The Human League, Dare!

Barry Walters

By Barry Walters

on 05.18.11 in Reviews


The Human League

Thirty years later, the Human League’s Top of the Pops performance of “The Sound of the Crowd” remains a document of radical pop: Frontman Phil Oakey’s hair is as asymmetrical as the off-kilter ’80s ever got; his makeup — even by androgynous Brit standards — is startlingly extreme; teen backing singer/dancers Susanne Sulley and Joanne Catherall split the difference between disco abandon and New Wave cool, and a bank of tape decks declare that this is studio-created artifice that snears in the face of rock reality. The message is clear: We’ve seen the future, and it is us.

Don’t you want them, baby?

The evolution of the Human League from stern electronic experimentalists whose major claim to fame was a derisive name-check in an Undertones single to the chart-topping icons behind one of the most-loved and enduring songs of their decade is one of popular music’s strangest, yet most successful transformations. Previewed in the UK by “Sound” and then buoyed by the unexpected international smash “Don’t You Want Me,” this Sheffield, England sextet’s 1981 breakthrough boasts traditional hooks — nearly every track was a single or sounds like one — and cutting-edge technology: Thanks to producer Martin Rushent and his studio full of brand new musical toys, this was the album that popularized the Linn LM-1 drum machine, the Roland Jupiter-4 polyphonic synthesizer, and other key instruments of ’80s pop, dance, and R&B.

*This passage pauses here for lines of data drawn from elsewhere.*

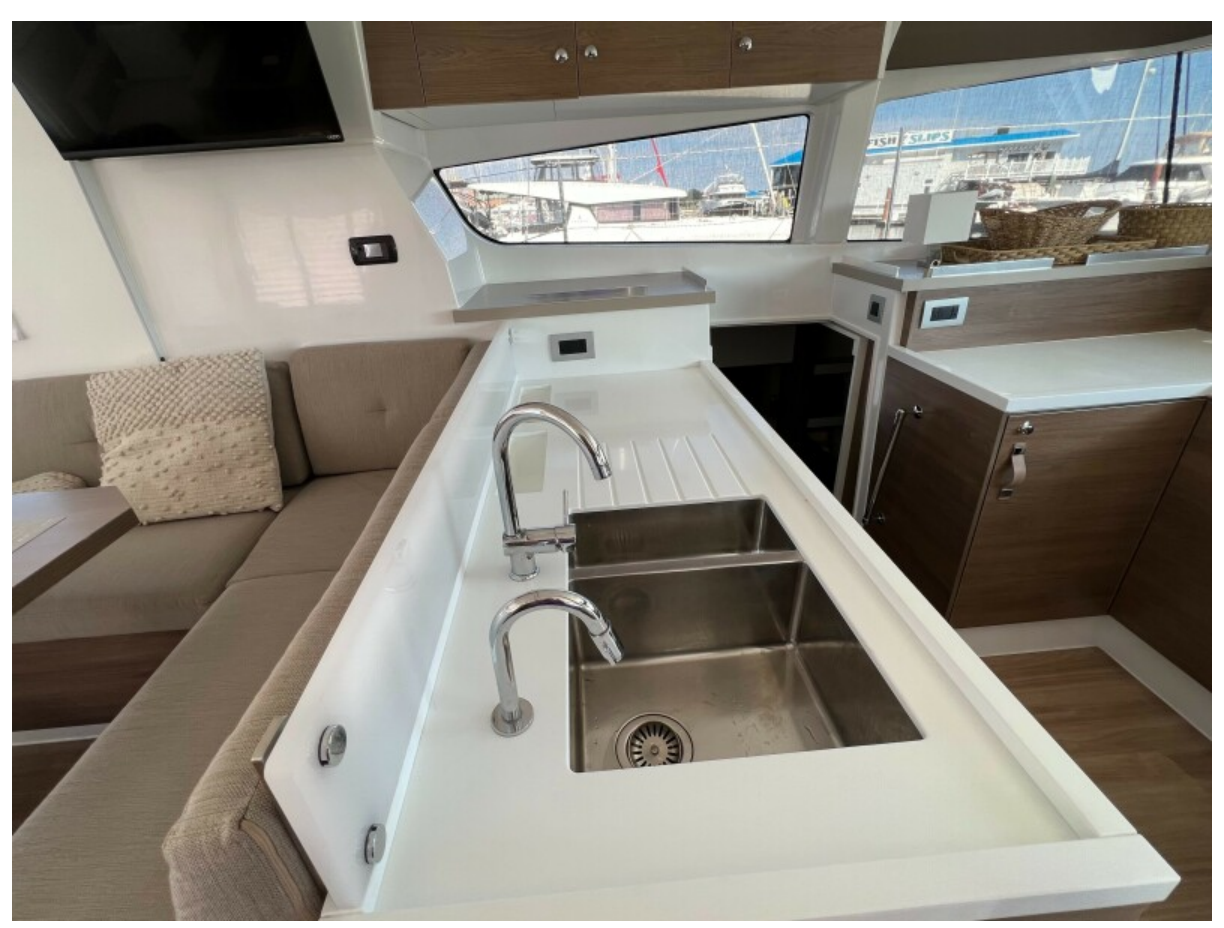
Used Sail Catamaran for sale 2023 BALI CATAMARANS Bali 4.2 - ADVENTEURE II
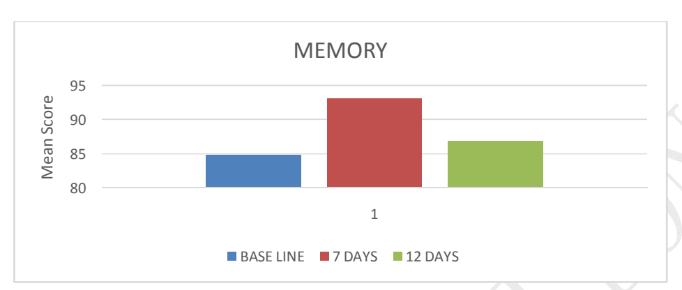
Figure 1 Mean Digit Memory Test Scores by Day

The above bar graph shows the mean scores of the Digit Memory Test at the three levels of test including: baseline test (before the intervention), seventh day test (immediately after the intervention) and twelfth day test (5 days after the termination of intervention). The results show that comparatively, there was an increase in the memory level in the participants after the practise of Osho's Dynamic Meditation. And it was also evident that termination of the meditation practise had resulted in a mild variation in the memory. This result was in accordance with the study of Anurag Joshi, OP Goyal and VK Gupta (2007), who stated that regular practise of meditation improves the memory. The results were also in accordance with Rachna Butola and Renu Chauhan (2014) who stated that two weeks practice meditation can enhance the memory of the normal individual.
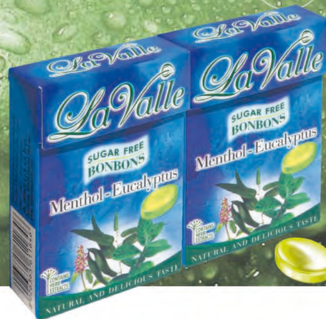
Pack 2 flip top boxes "side by side" (Standard pack - 2x30gr)
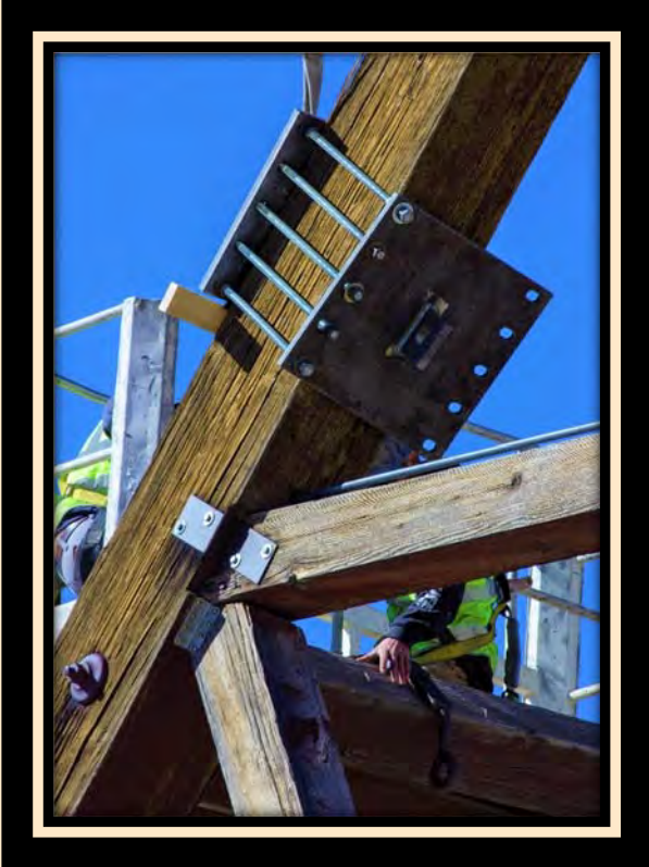
Metal support boxes were placed on the Silver Top Headframe for the crane to lift the structure.
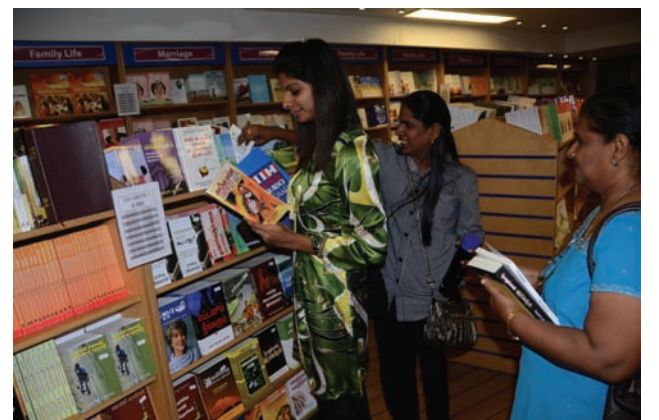
தமிழ்ப் புத்தகங்களை பார்வையிடும் மக்கள்

1970-இல் தனது பயணத்தைத் தொடங்கியதிலிருந்து 42 மில்லியனுக்கும் அதிகமானோர் இந்த மிதக்கும் புத்தக நிலையத்தை பார்வையிட்டுள்ளனர். குடும்பம், ஆன்மிகம் அரசியல், அறிவியல், விளையாட்டு, உணவு, கலை, மருத்துவம், மொழி, அகராதி, மனோதத்துவம் என 5000க்கும் அதிகமான தலைப்புகளைக்கொண்ட புத்தகங்களைச் சுமந்துகொண்டு இந்தக் கப்பல் உலகை வலம் வருகிறது. பல பதிப்பகங்களும் பழைய புத்தகங்களை இனாமாகக் கொடுத்து உதவுகின்றன. ஒவ்வொரு நாட்டிற்குச் செல்லும்போதும் அந்நாட்டு புத்தகங்கள் தங்களிடம் இருப்பதை லோகோஸ் ஹோப் உறுதிப்படுத்திக் கொள்கிறது. புத்தகங்கள் விற்பனைச் செய்வதைத் தவிர்த்து வளரும் நாடுகளில் உள்ள கல்லூரிகள், நூலகங்கள், பொது அமைப்புகள் என புத்தகங்களை இலவசமாகவும் வழங்குகின்றது. இத்தகைய சிறப்பு வாய்ந்த லோகோஸ் ஹோப் கடந்த ஆகஸ்டு 25 அன்று பினாங்கு துறைமுகத்தை வந்தடைந்தது. சுமார் ஒரு மாத காலம் (செப்டம்பர் 25 வரை) பினாங்கில் முகாமிட்டுள்ள இக்கப்பலில் சிறுவர் முதல் பெரியவர் வரை பெரும்பாலான பொதுமக்கள் திரளாக வந்து பார்வையிட்டுப் புத்தகங்கள் வாங்கிச் சென்றனர். உலகின் மிகப்பெரிய மிதக்கும் புத்தக நிலையத்தில் தமிழ்ப் புத்தகங்களும் இடம்பெற்றிருந்தது குறிப்பிடத்தக்கது.

Yet Dare also exudes the naïve confidence of punk: Oakey, Sully, Catherall and visual artist Philip Adrian Wright were all non-musicians when they became Leaguers; Jo Callis had actually been in a punk band, a near-great one, the Rezillos. You can feel them pushing themselves to be David Bowie, Kraftwerk, and ABBA all at once, and what they can’t achieve is just as key to the record’s success as what they can: Sulley’s solo on “Don’t You Want Me” announces that despite Rushent’s polish, this is not a conventional, slick pop, and it trumps Oakey’s thespian chauvinism on the track more effectively than a well-sung verse because it says I am what I am, bum notes and all, and I can not only survive your bossy put-downs; I can squash them on an indisputably genius record.